Не улыбнувшись этой нелепости, хотя ему уже объяснили, что депрессивное состояние, которое он пережил, не носит хронического характера и уже тем более не передается по наследству, Никита вернулся в постель и, отбросив одеяло, вытянулся на животе. Только сейчас он почувствовал, что еще способен получать удовольствие от одиночества и свежести постели, которых был лишен не только в больнице, но и — первого — все пятнадцать лет своего брака. Почему-то он все чаще ловил себя на том, что говорит не «семья», а «брак». Это казалось неправильным и несправедливым, ведь у него была самая настоящая семья. До того, как он вызвал внутри себя шторм и захлебнулся его мощью…

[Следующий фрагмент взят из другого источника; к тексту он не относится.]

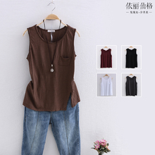 韩版春夏装V领纯色棉麻无袖背心马甲 修身显瘦亚麻上衣坎肩外套女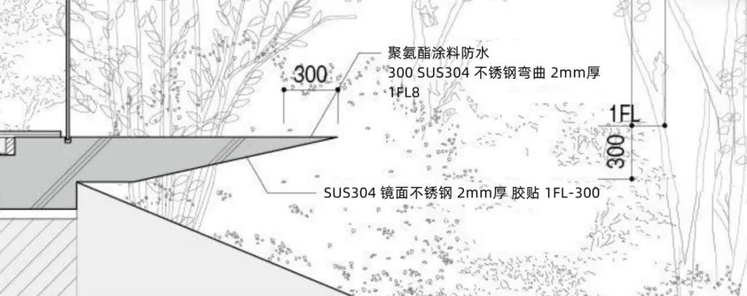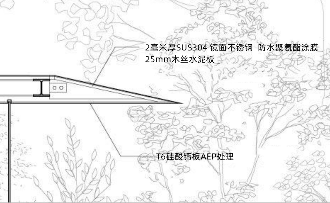 在屋顶和地坪的节点设计上,选用了尖角的处理手法,这样从透视的角度看过去,就是很轻薄的屋顶和悬浮式的地坪。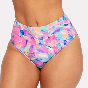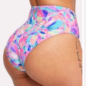 Stand out with this YITTY bikini bottom. Features a lively mix of pink, blue, and purple. Perfect for beach days.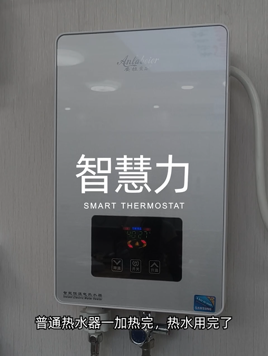 第二步,看“智慧力”:普通热水器只会傻加热,一次加热完的水量万一不够了,就会重新加热,导致后面洗着洗着就会忽冷忽热的。而安拉贝尔有智能变频恒温系统,能精准控制出水温度,让孩子享受全程舒适沐浴。操作起来也很简单,5kw~8kw多档功率可调,一年四季都适用。智能省电设计,一个月下来省下的钱能给孩子买不少零食。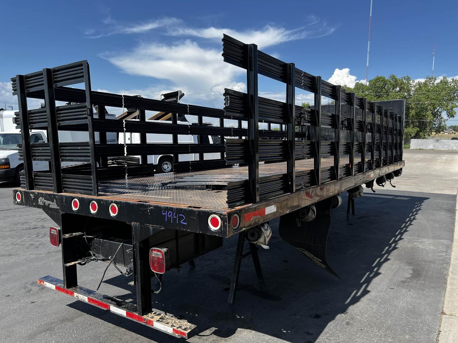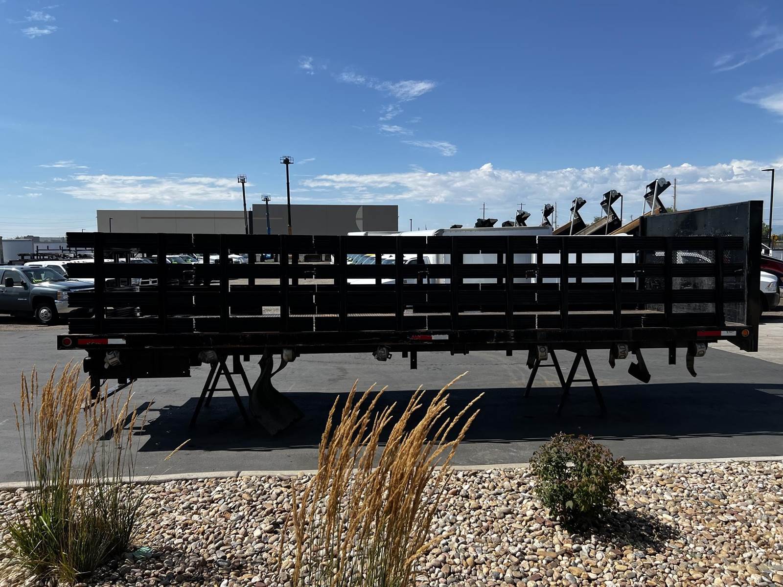24'L 96"W Stake side flatbed, Dimond Plate Steel Deck, Mounted Ratchet Strap Tie downs, Removeable Metal Stake Sides Racks. Includes Stacked Panels. Quality Install Available, Ship Ready, Call DTI Trucks for more information and a shipping quote.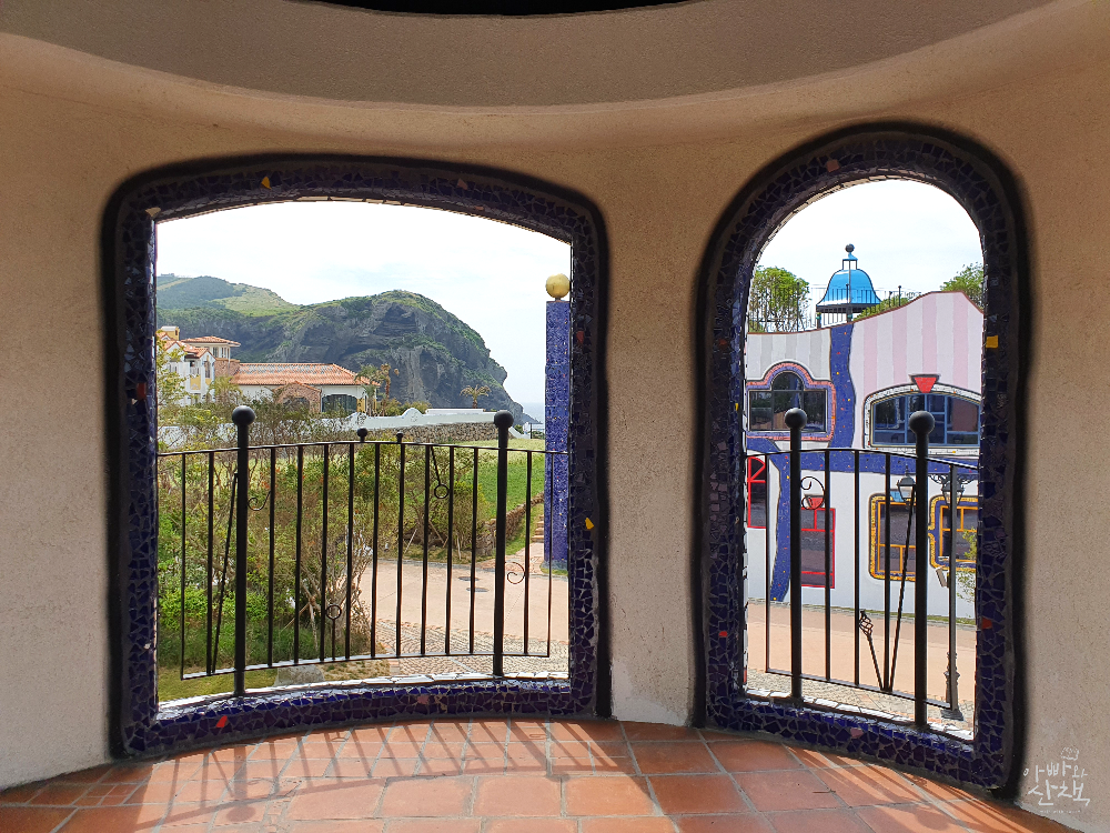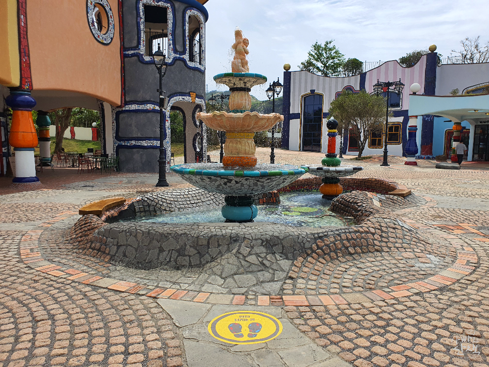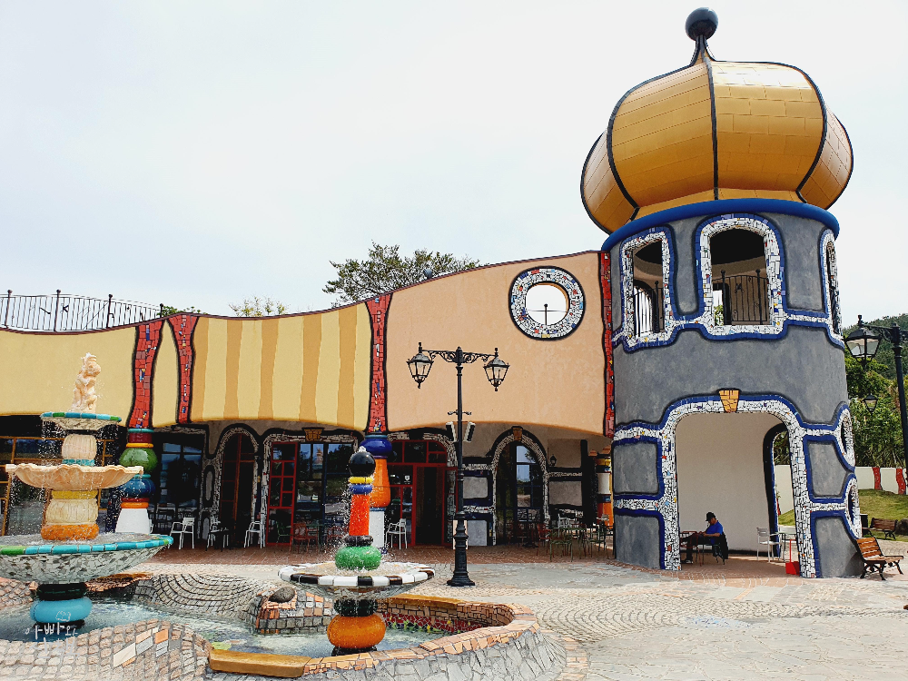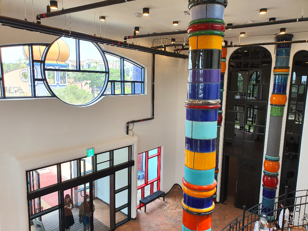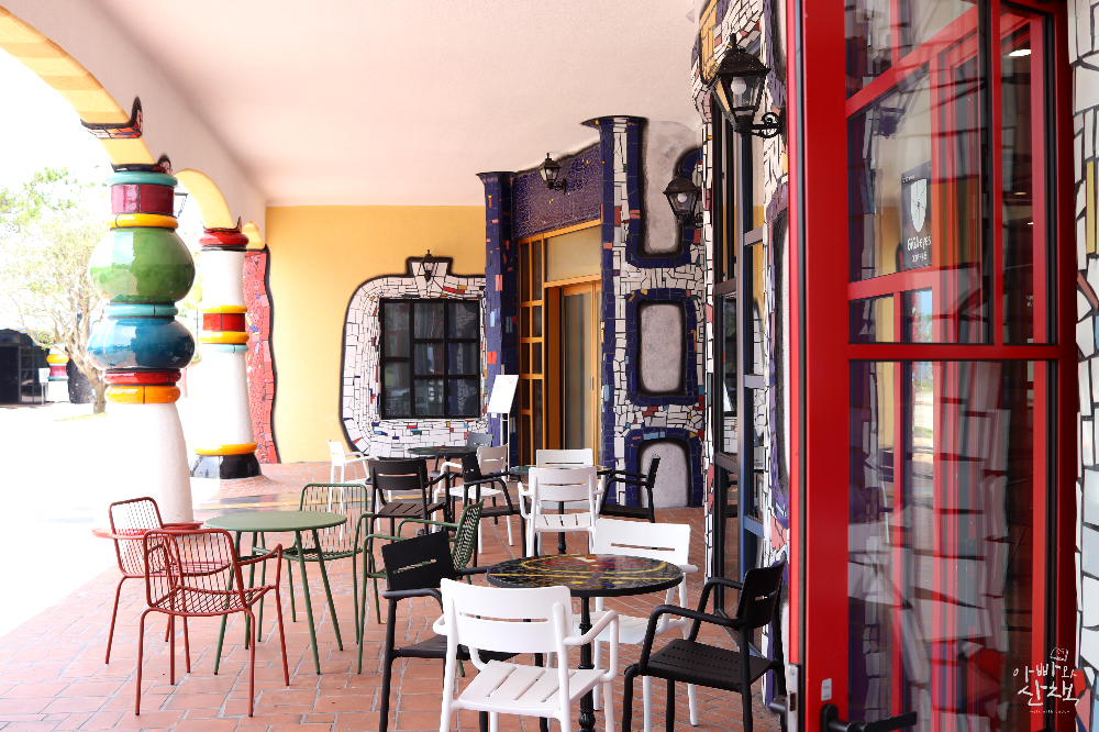 각각의 건물에는 우도 미술관, 훈데르트바서 전시관, 굿즈 숍, 유럽풍 카페 레겐탁이 세계적인 건축가의 독특한 건축 특징과 어우러져 흥미로운 볼거리를 제공하고 있습니다. 양파돔으로 불리는 첨탑과 원색으로 장식된 건물들이 낯설게 느껴지는 여행자라면 입장 후 훈데르트바서 전시관부터 방문해 보길 추천합니다. ‘자연과의 조화’를 중요시한 훈데르트바서의 건축 철학을 소개하는 짧은 영상을 보고 나면 화려한 모습의 창과 벽, 기둥 그리고 직선이 없는 건물들의 의미가 한결 쉽고, 감동적으로 다가옵니다.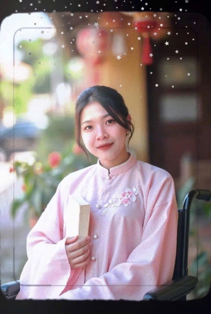 Em Nguyễn Nguyễn Quảng Diệu Anh nhận xe lăn và quà từ Câu lạc bộ Chuo University Rotaract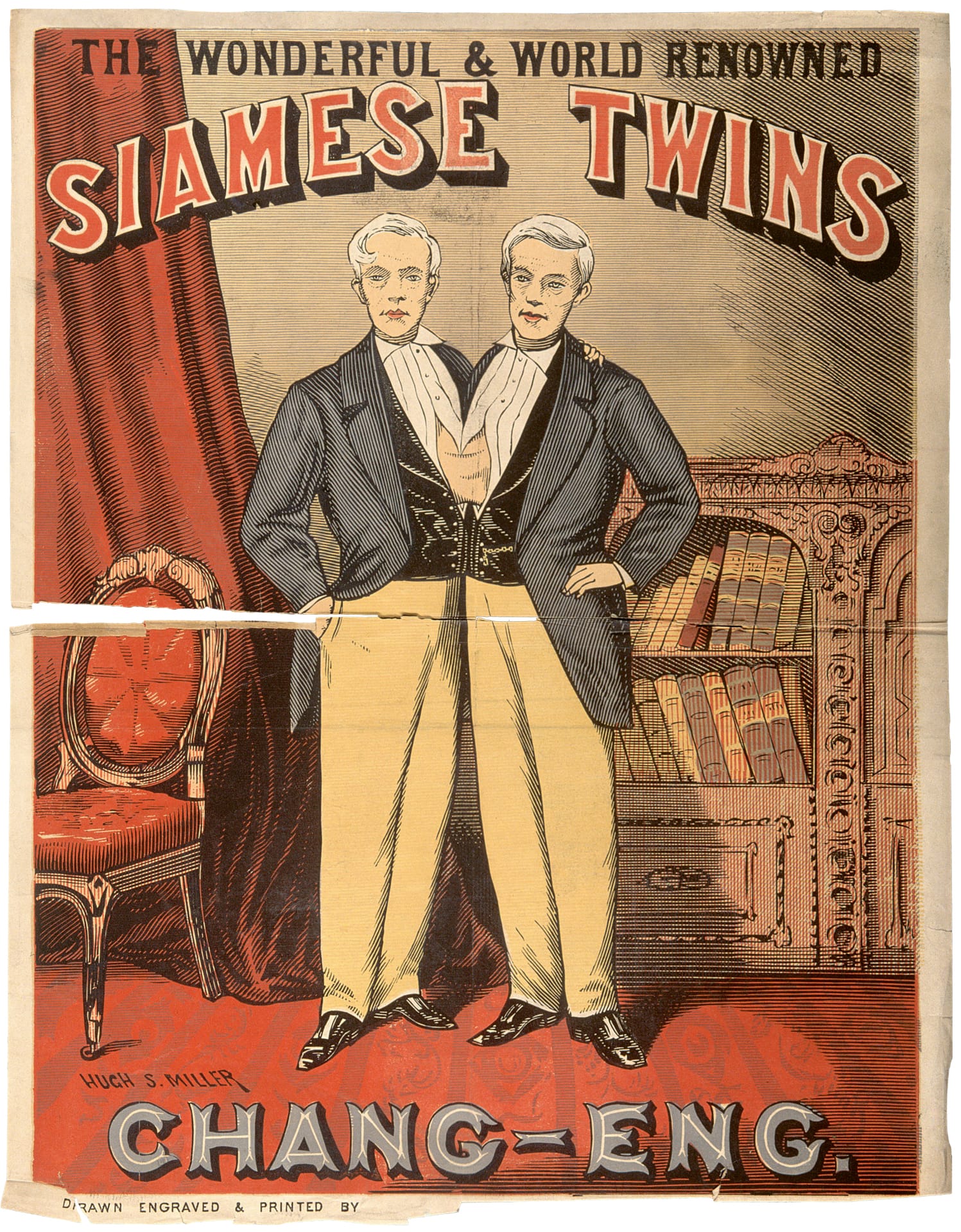 Chang & Eng in evening dress, color wood engraving by H.S. Miller. These conjoined-twins are the original Siamese twins, from whom the name derives (courtesy Wellcome Collection, London)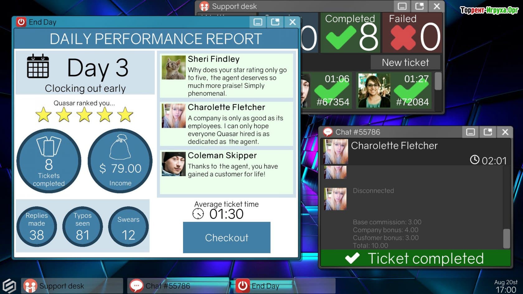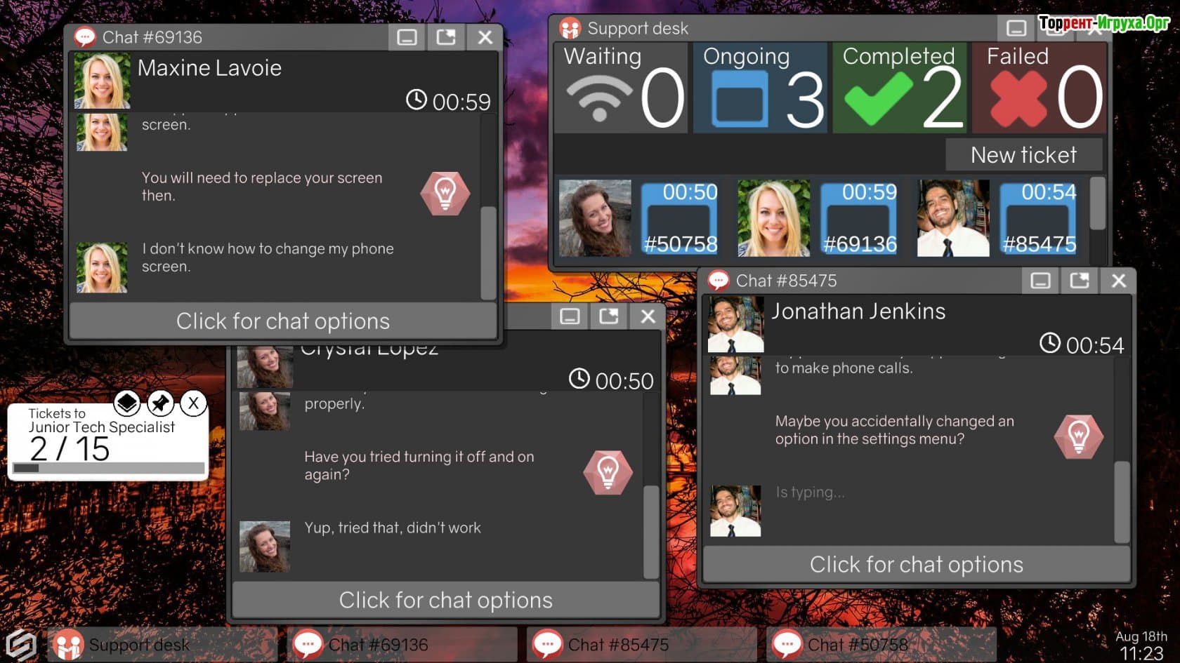 Вначале вам придется решать проблемы отдельных пользователей, которые затрудняются в применении тех или иных функций. Задачи будут начинаться с простых, но со временем усложняться. Важно уметь верно оценивать проблему и предпринимать необходимые шаги. Не теряйте драгоценное время и приступайте к выполнению своих задач. Клиентам свойственна нетерпеливость, им необходим оперативный подход к решению проблем. Скачать Tech Support: Error Unknown на русском языке через торрент можно в любое удобное время с нашего ресурса. Процесс загрузки быстрый и позволит вам незамедлительно приступить к действию. Мы уверены в ваших способностях и считаем, что вы добьетесь положительного исхода. Желаем вам приятной игры!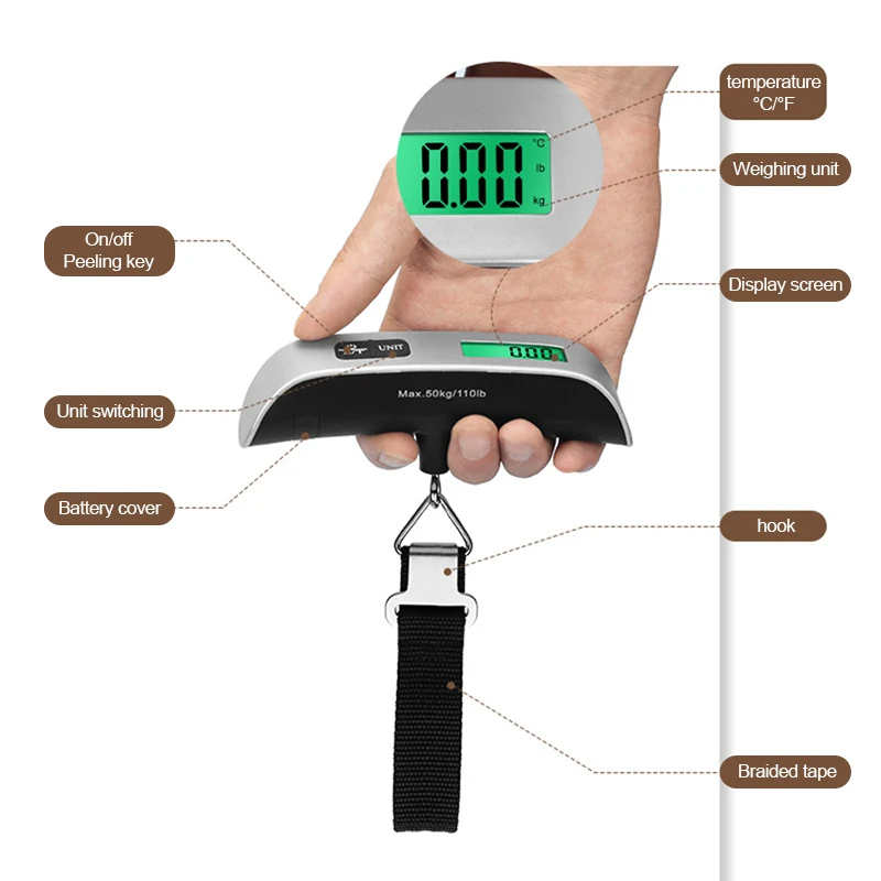 Colour:silver with green Led light Good buying at this price. The device is light and portable. This electronic luggage scale will automatically turn off the power, which can save battery in case you forget to turn it off.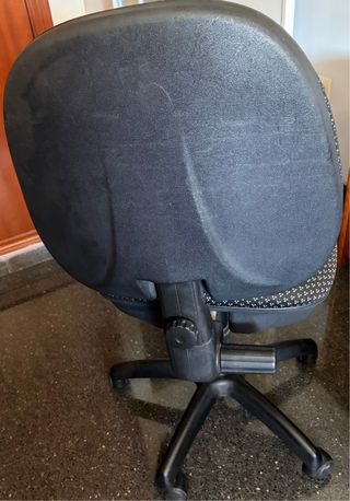 Silla de oficina con un diseño moderno y funcional. - Base de plástico con ruedas. - Respaldo ergonómico.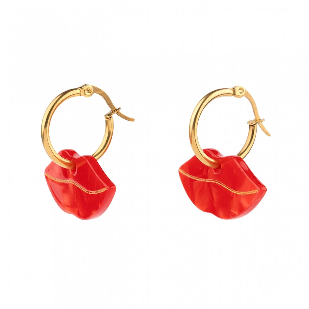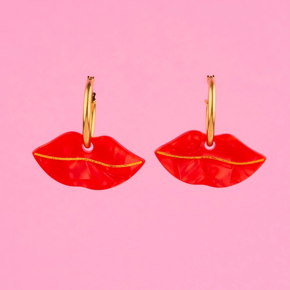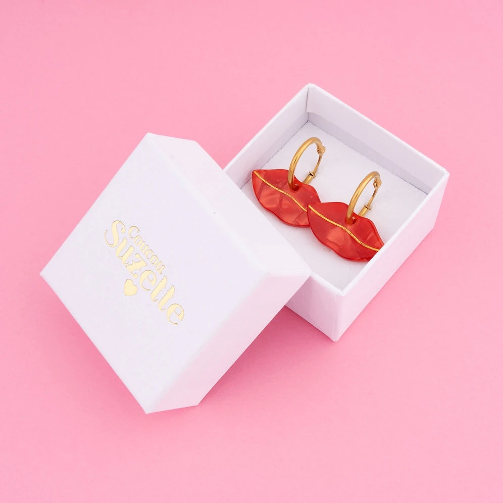 Glamour et sensuelle cette paire de boucle d’oreille de la marque kitsch et rĂ©tro Coucou Suzette est une invitation au baiser.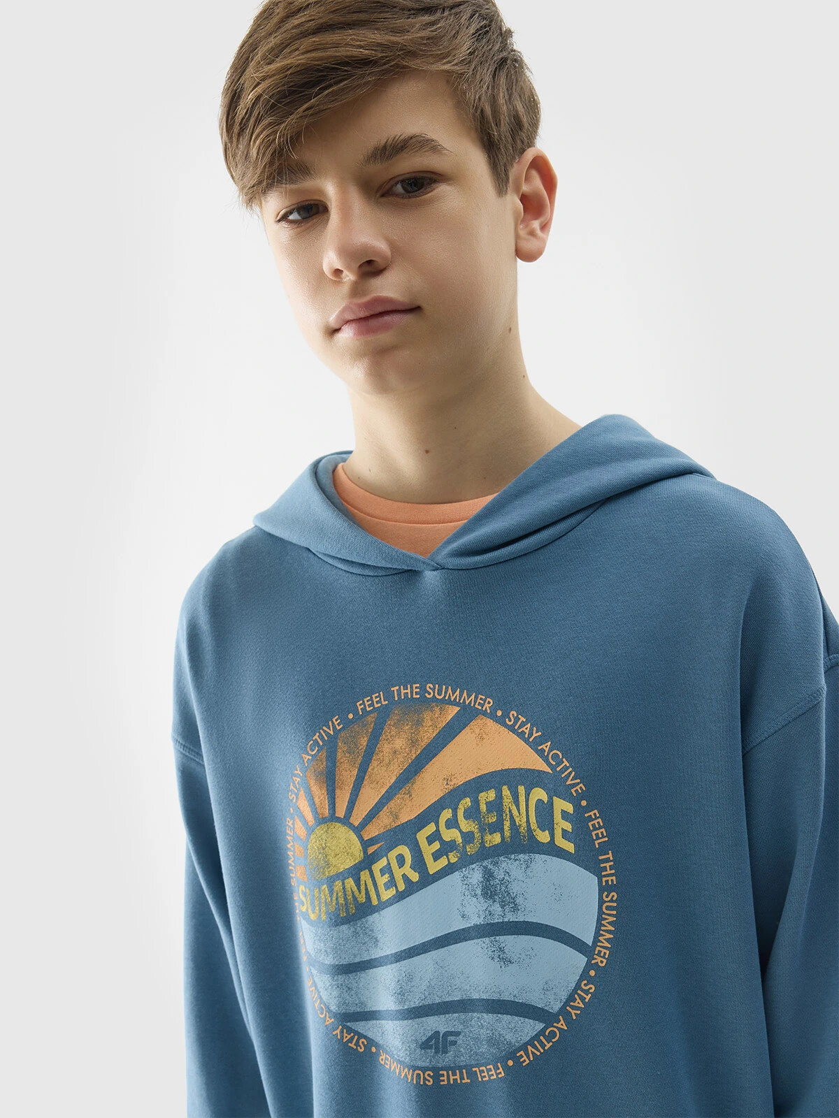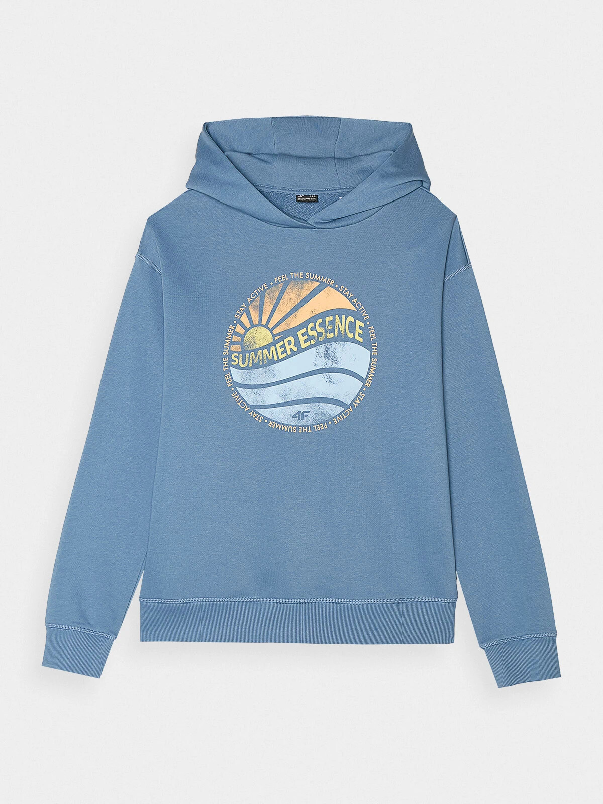 Na přední straně je výrazný potisk s motivem slunce a vln a nápisem "Feel the Summer. Stay Active. Summer Essence". Klasický střih bez kapes. Mikina přes hlavu. Spodní část s širokým lemem.

Все дожди собрались в месте том, где с тобою живем,
Где наш маленький дом в одночасье стал ветхим жильем.
Налетит ураган, меня к Гудвину он унесет —
В нашей сказке с тобою сложилось все наоборот.
Не спрошу у волшебника точной дороги назад,
Я пройду по плацу, где планеты проводят парад,
А на той стороне гору звездных камней наберу
И сложу дом другой… Но тебя в него не позову.

Впрочем, он подозревал: Таня и не догадывается, что их семьи больше нет. Разве он говорил ей об этом? Разве кто-нибудь говорил? Да и кто знает? Никита был уверен, что даже близким известно лишь то, что лежит на поверхности: товарищ по «Богеме» украл у Никиты рукопись и под своим именем издал сборник стихов. Странно, конечно, что за это Никита не набил ему морду и не побежал в суд, а угодил в психиатрию, но ведь не зря говорят, что «каждый по-своему с ума сходит».

(Он спросил: «Никита, а почему вы не издаете свои стихи? Спонсора нет?»

«Нет, — согласился Никита. — Но главное не в этом…»

«А в чем? У вас же накопилось на сборник!»

Никита с трудом заставил себя повторить это слово: «Накопилось. Но мне все кажется, что я вот-вот напишу что-то гораздо лучшее».

«Да ну, — с недоверием протянул Алеша. — Если б у меня было столько стихов, я б их сразу издал. А то их вроде как и нет…»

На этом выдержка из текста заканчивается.